**DATA SECTION:**
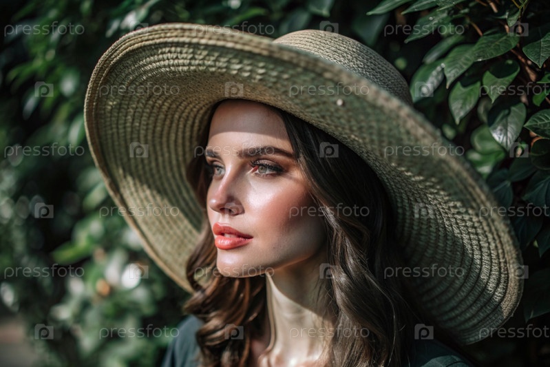 Летние каникулы на пляже, крупный план красивой женщины в соломенной шляпе.Лето.Отдых и отдых, место для копирования
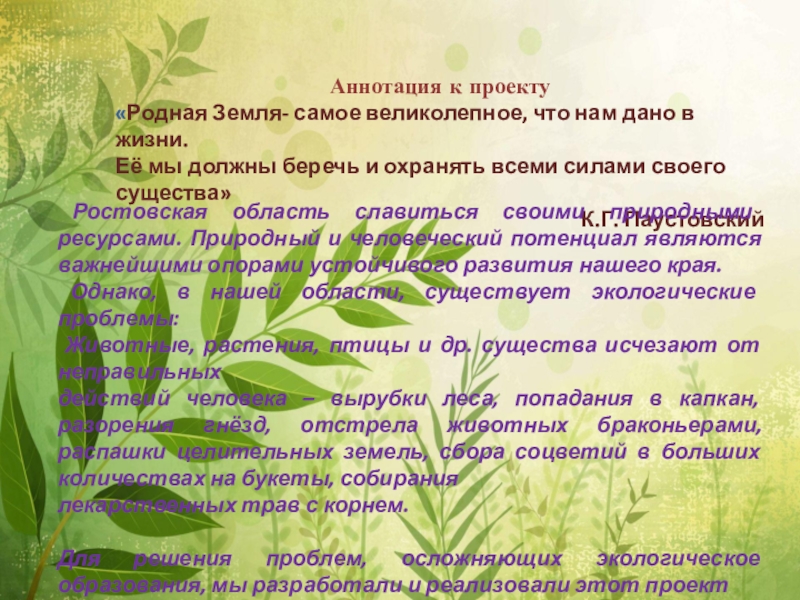Ростовская область славиться своими природными ресурсами. Природный и человеческий потенциал являются важнейшими опорами устойчивого развития нашего края.
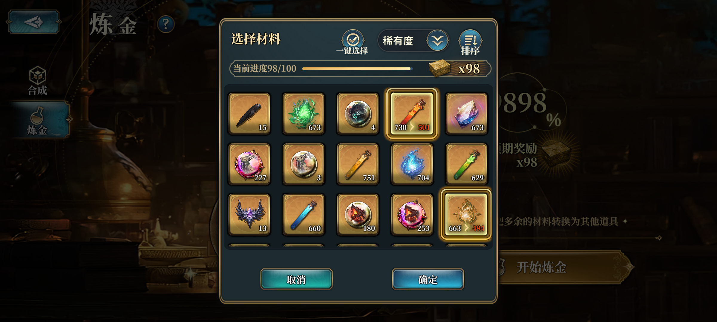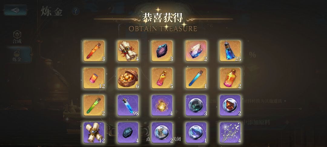 点击[确定]后,再点击[开始炼金],我们就会得到大量的[体力药]、[精力药]
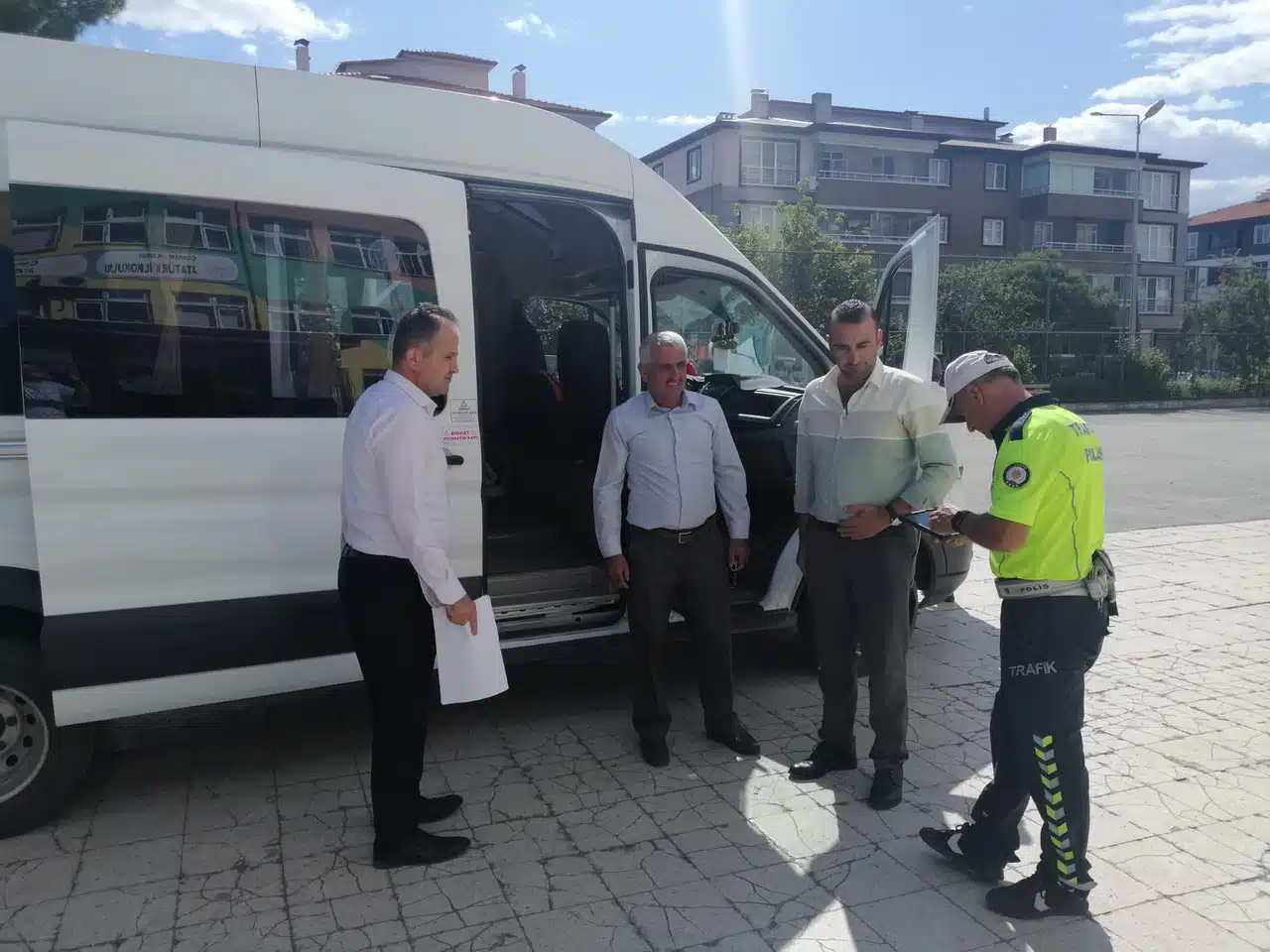 Servis araçlarının, Milli Eğitim Bakanlığının servis araçlarıyla ilgili yönetmeliklerine uygunluğu kontrol edilirken, trafik polisleri de araçların evraklarını kontrol ederek, kurallara uyup uymadıklarını denetledi. (AA)
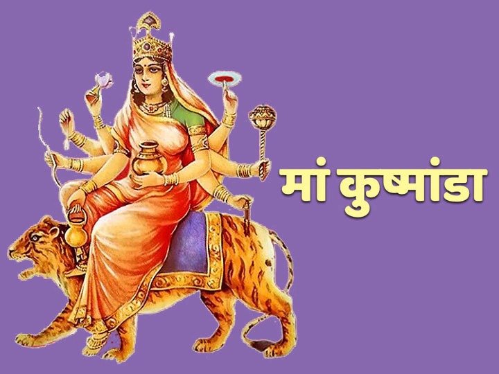 नवरात्रि के चौथे दिन की अधिष्ठात्री देवी मां कूष्मांडा हैं. माता का स्वरूप बड़ा अद्भुत और विलक्षण है. इनकी आठ भुजाएं हैं, जिनमें इन्होंने कमण्डल, धनुष–बाण, कमल, अमृत कलश, चक्र और गदा धारण कर रखे हैं. इन अष्टभुजा माता के आठवें हाथ में सिद्धियों और निधियों की जप माला है. इनकी सवारी सिंह है. ये स्रुष्टि का निर्माण करनेवाली देवी हैं. जब किसी भी वस्तु का अस्तित्व नही था तब कूष्मांडा देवी ने अपनी हंसी से इस सृष्टि का निर्माण किया था.
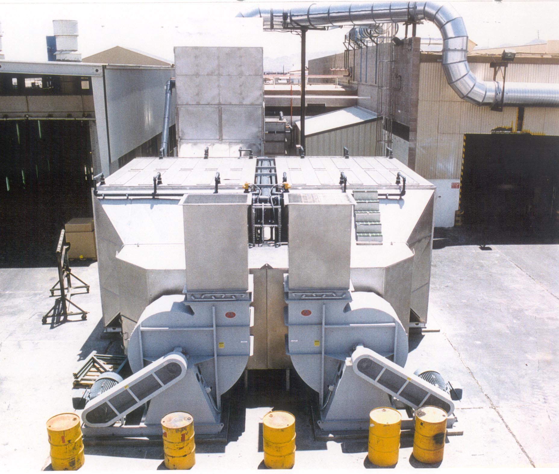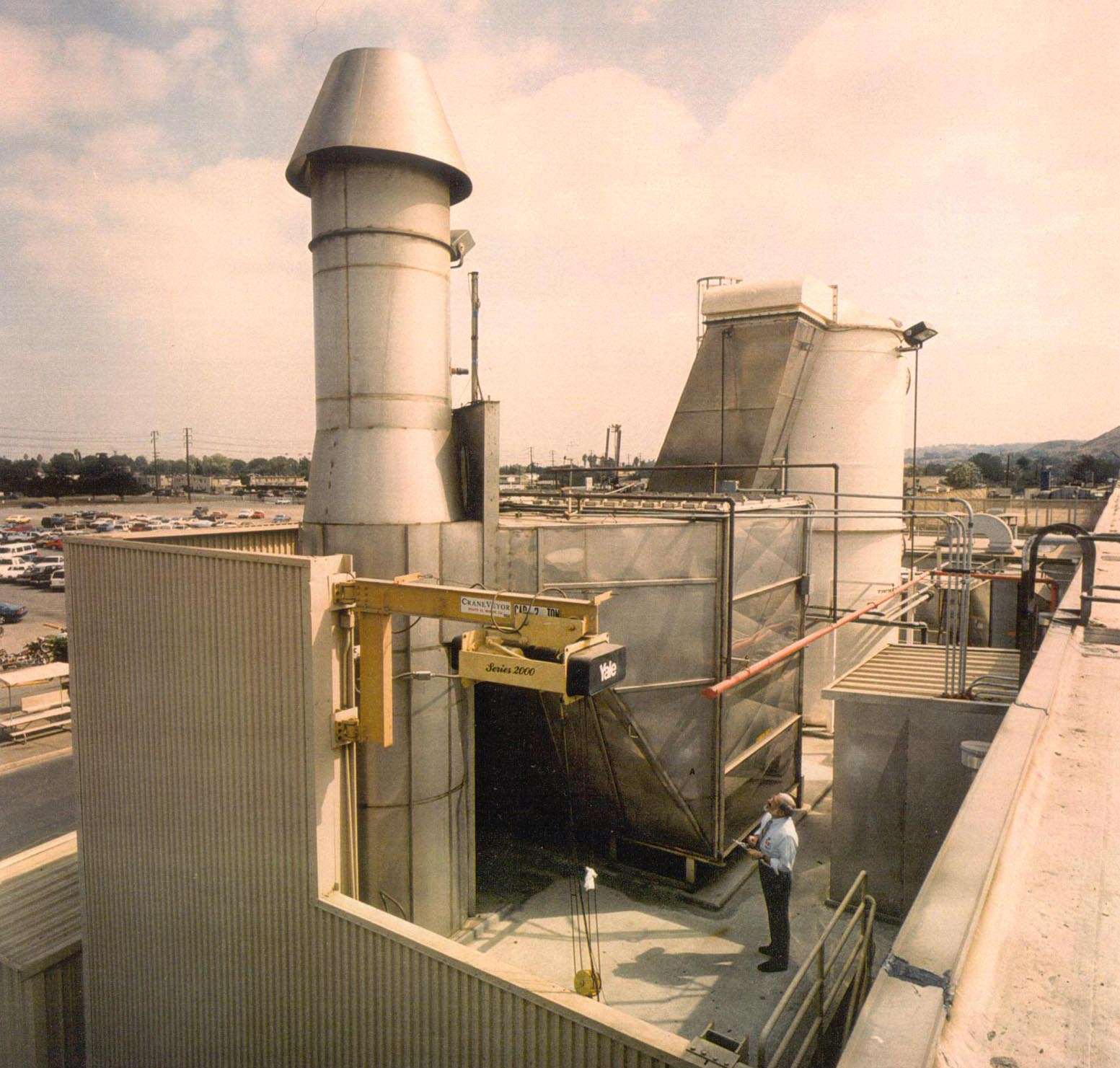 12,000 SCFM Air Pollution Control System at CMP Display Systems Co., Ventura, CA treats the Volatile Organic Compounds that come off the photo etching, coating and spraying process for fabricating and finishing the special aircraft instrumentation panels that are installed in today's highly technical/computerized aircraft. This system has been operational since September 1992. (Available for site visit)
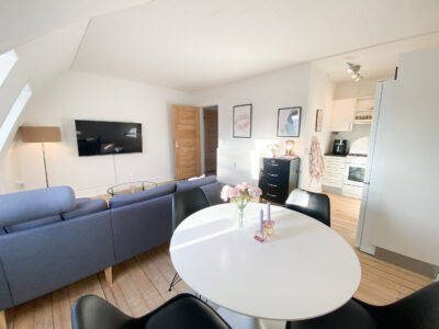 Køkken-alrummet er et hyggeligt sted at tilbringe tid i med sit fine hvide køkken, der tilføjer et moderne touch til lejligheden. Her kan du nyde dine måltider og samtidig have plads til at socialisere og slappe af.
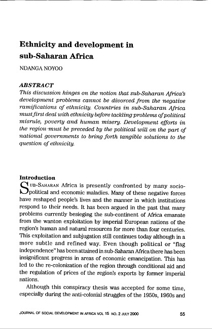 This discussion hinges on the notion that sub-Saharan Africa's development problems cannot be divorced from the negative ramifications of ethnicity. Countries in sub-Saharan Africa mustfirst deal with ethnicity beforetackling problems of political misrule, poverty and human misery. Development efforts in the region must be preceded by the political will on the part of national governments to bring forth tangible solutions to the question of ethnicity.
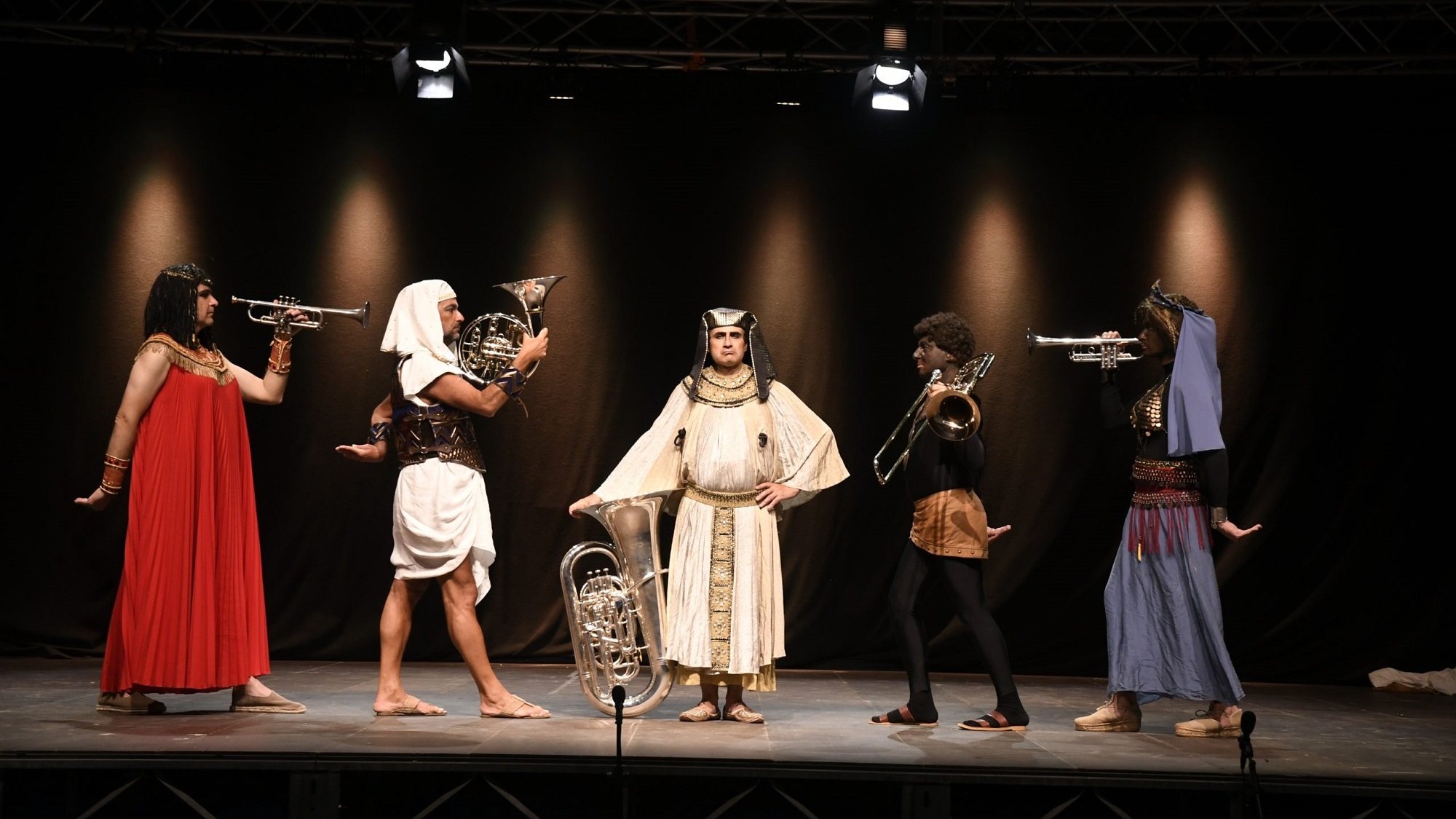 Cinque musicisti in abiti di scena suonano, cantano, interpretano, recitano, ballano l’opera, trasformandosi di volta in volta in Aida, Radames, Amneris, Il Faraone, Amonasro, in un rapido susseguirsi di arie, musica e prosa.
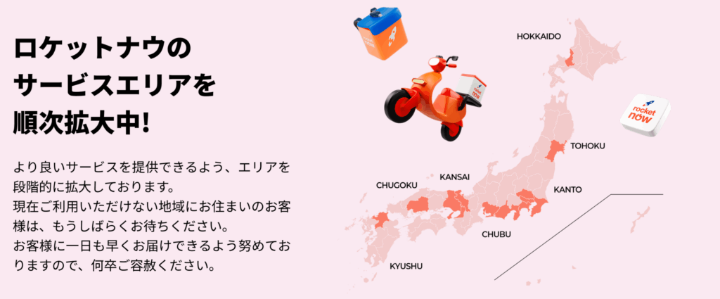 2025年1月に東京都港区でサービスを開始したロケットナウは、とてつもない勢いでエリアを拡大し、現在全国の主要な地方中枢都市全てでサービスを行っています。
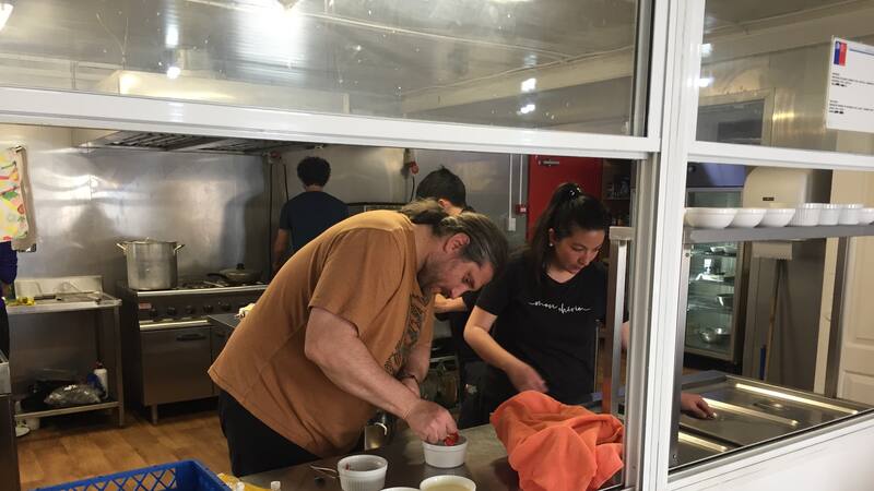 Arrancamos a las 8.30 am sacando las cosas para el desayuno y terminamos de limpiar la loza de la cerca de las 9 pm. Así de largas son las jornadas de la cocina y con la presión añadida de alimentar bien a toda la base. El menú fue sencillo, pero sabroso: porotos con riendas para el almuerzo y papas con lomo de cerdo marinado para la cena. Las ganas de hacerlo bien y lo grande de las cantidades siempre le añaden un poco de picante extra a la situación, sin embargo, uno se tranquiliza cuando en el comedor no se oyen voces, sino mandíbulas batientes. La relajación es total cuando la gente pregunta si se puede repetir. Con la sensación de misión cumplida termina nuestro domingo, mientras el cuerpo protesta por las largas horas de pie. Cocinar 12 o 13 horas debería ser un nuevo deporte olímpico.
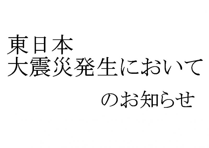 3月11日に発生した東日本大震災の発生において、被災された地域の方へのご心痛を察し心よりお見舞い申し上げます。また、お亡くなりになられた方のご冥福をお祈り申し上げます。
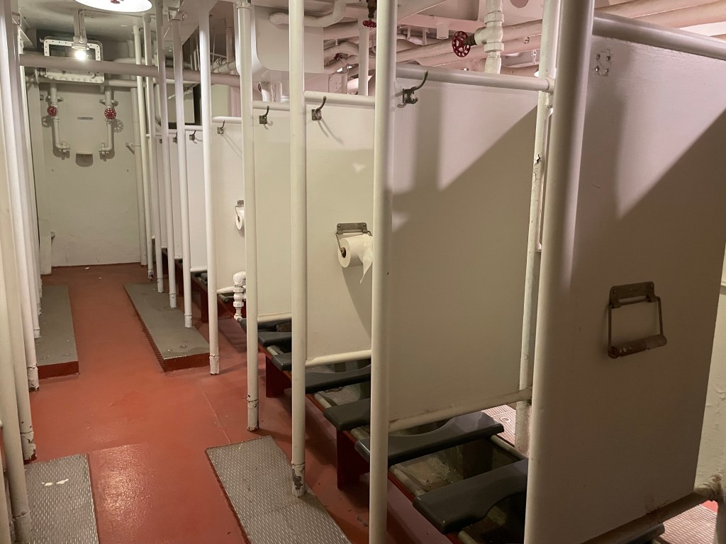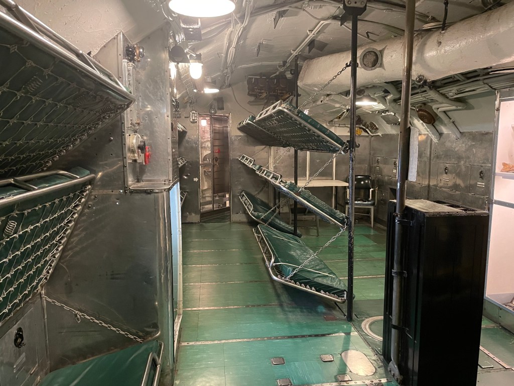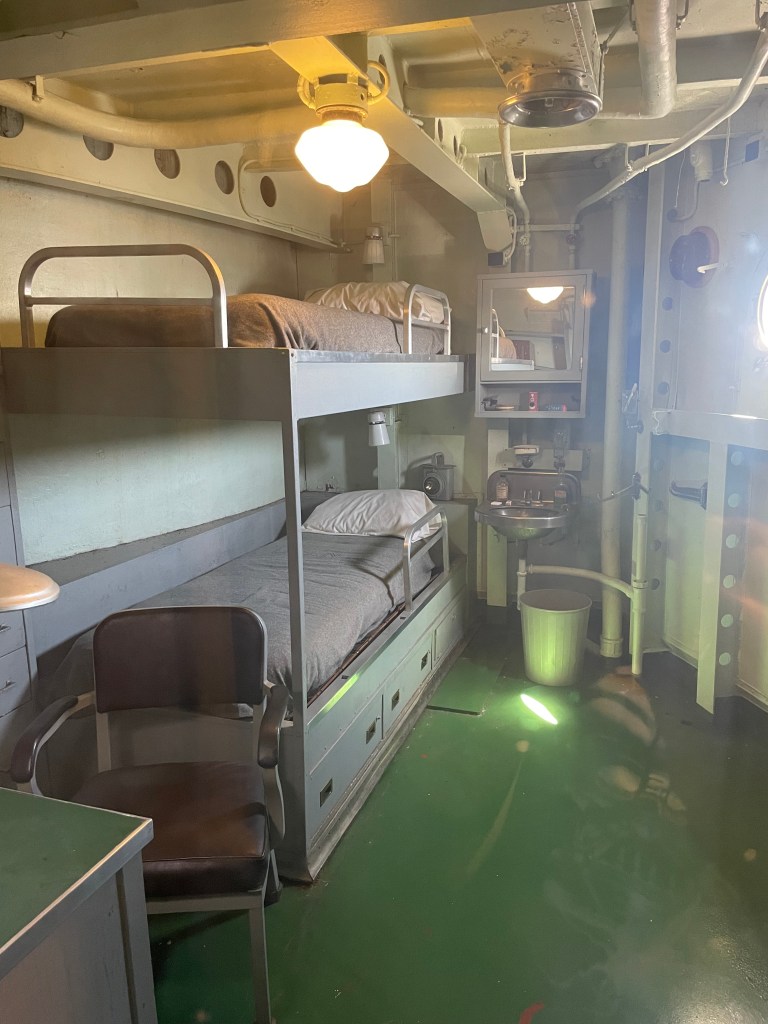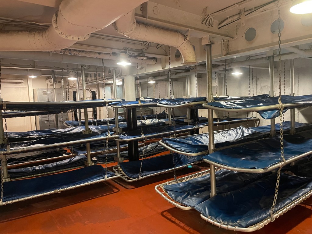 My uncle was in the Navy, but on a smaller boat. He said their bunks were five high. If one person rolled over, all the others felt it. He said there was a section where they could climb down if they got up in the middle of the night. I didn’t see that here.

**WHAT YOU NEED TO DO:** Return, exactly as they stand, the lines above from the one with "2025年1月に東京都港区で" to the one with "3月11日に発生した東日本大", omitting any pictures among them.

**ANSWER TO THIS EXERCISE:**
 2025年1月に東京都港区でサービスを開始したロケットナウは、とてつもない勢いでエリアを拡大し、現在全国の主要な地方中枢都市全てでサービスを行っています。
 Arrancamos a las 8.30 am sacando las cosas para el desayuno y terminamos de limpiar la loza de la cerca de las 9 pm. Así de largas son las jornadas de la cocina y con la presión añadida de alimentar bien a toda la base. El menú fue sencillo, pero sabroso: porotos con riendas para el almuerzo y papas con lomo de cerdo marinado para la cena. Las ganas de hacerlo bien y lo grande de las cantidades siempre le añaden un poco de picante extra a la situación, sin embargo, uno se tranquiliza cuando en el comedor no se oyen voces, sino mandíbulas batientes. La relajación es total cuando la gente pregunta si se puede repetir. Con la sensación de misión cumplida termina nuestro domingo, mientras el cuerpo protesta por las largas horas de pie. Cocinar 12 o 13 horas debería ser un nuevo deporte olímpico.
 3月11日に発生した東日本大震災の発生において、被災された地域の方へのご心痛を察し心よりお見舞い申し上げます。また、お亡くなりになられた方のご冥福をお祈り申し上げます。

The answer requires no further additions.